Перед нами была старинная вывеска. Но как попала она в подвал? И как попал сюда бамбук?

— Ты знаешь, чего я думаю? — сказал Орлов. — Я думаю, что в этих брёвнах раньше перевозили чай. Насыпа́ли внутрь сухого чаю и перевозили вот на таких лодках, которые называли «чайный клипер».

Более нелепого предположения предположить было невозможно. Художник Орлов пытался одним махом объединить чай, бамбук и лодку на вывеске прямой линией. Он пошёл кратчайшим путём к истине и промахнулся.

Орлов просто-напросто устал. Его оглушила потеря граммофона. Ведь он мог запросто уносить сейчас под мышкой граммофон, а вместо этого возился с моим бамбуком.

Была уже глубокая ночь. Снег валил со всех сторон.

Мы замёрзли и долго связывали бамбук верёвкой, связали, взвалили на плечи. Связка получилась громоздкой, руки соскальзывали с гладких лакированных брёвен.

Переулками мы вышли на Сретенку. Снежные волны выкатывались вслед за нами из тёмных подворотен, схлёстывались под фонарями и улетали кверху — громыхать на крышах, выть на чердаках.

— Воет, как граммофон, — недовольно ворчал Орлов, который шёл впереди.

— Право руля! — кричал ему я.

Метель то подталкивала нас в спину, то налетала сбоку и разворачивала поперёк улицы. Мы неловко маневрировали, напоминая баржу. Это было первое плавание самой лёгкой лодки в мире.

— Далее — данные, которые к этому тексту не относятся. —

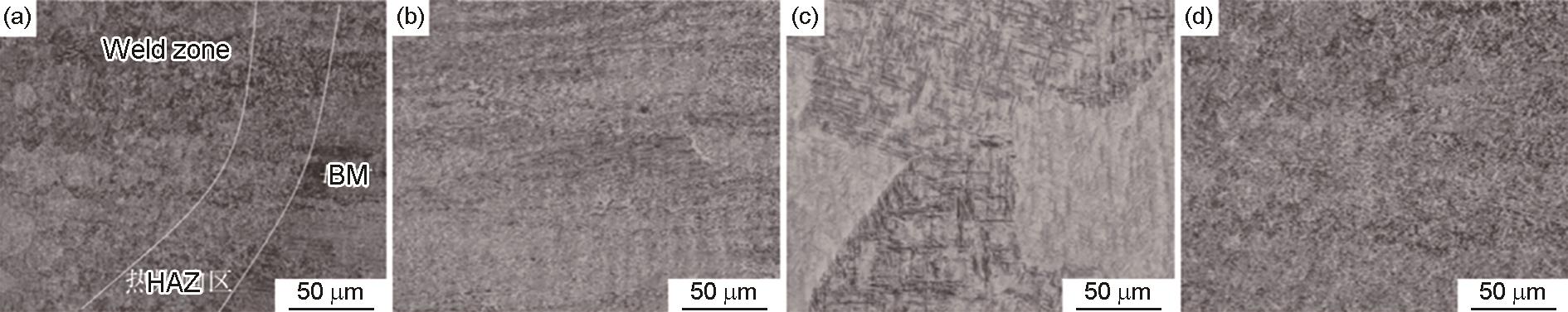 Fig.2 Microstructures of TC4 Ti-alloy MIG welded joint: (a) welded joint, (b) base material, (c) weld zone, (d) heat affected zone[ |

— Левая, загребай! Правая, табань! — покрикивал я и вдруг услышал сзади:

— Стоп машина!

В первую минуту я подумал, что это нас догнал зачем-то милиционер-художник. Но ошибся. Нас догонял не художник, но — милиционер.

— Суши вёсла! — крикнул я, и мы повалили связку на снег.

Милиционер-нехудожник оглядывал и нас, и бамбук с крайним подозрением. Из-под его погон сыпалась снежная труха. В свете уличного фонаря кокарда на его шапке, до блеска начищенная метелью, сверкала как утренняя звезда. Милиционер молчал.

Орлов постучал ботинком по бамбуку, потопал ногами, попрыгал.

— Метель-то какая, а? — сказал он милиционеру.

Милиционер не захотел вступать в пустой разговор. Не выпуская нас из поля зрения, обошёл он бамбуковую связку, посветил фонариком в чёрные жерла брёвен.

— Попрошу документы.

— Документов нет.

— Попрошу накладные на стройматериалы.

— Ничего такого у нас нет.

— А где вы это… гм… взяли?

— Это бамбук, — чистосердечно ответил Орлов. — Нам его милиционер-художник подарил.

На мой взгляд, ничего глупее этой фразы придумать было невозможно. Фраза озадачила милиционера, несколько секунд переваривал он её и сказал неожиданно:

— Это Шурка, что ли?

— Шура. Который на Сретенке стоит.

— Да откуда же у Шурки бамбук? Где ваши накладные?

— Накладные остались у Александра, — вставил я. — Необходимы дополнительные печати.

— Какие ещё печати? Откуда бамбук?

— Он лежал в Сухаревском переулке, — принялся объяснять Орлов. — У милиционера-художника в подвале. Мы там и вывеску нашли.

Он достал из-за пазухи вывеску «Высоцкий и К°», которая делу особо не помогла.

— Пройдёмте до отделения, — сказал милиционер.

— Да что вы! Пойдёмте лучше ко мне в мастерскую, — приглашал Орлов. — Заварим чаю, разберёмся.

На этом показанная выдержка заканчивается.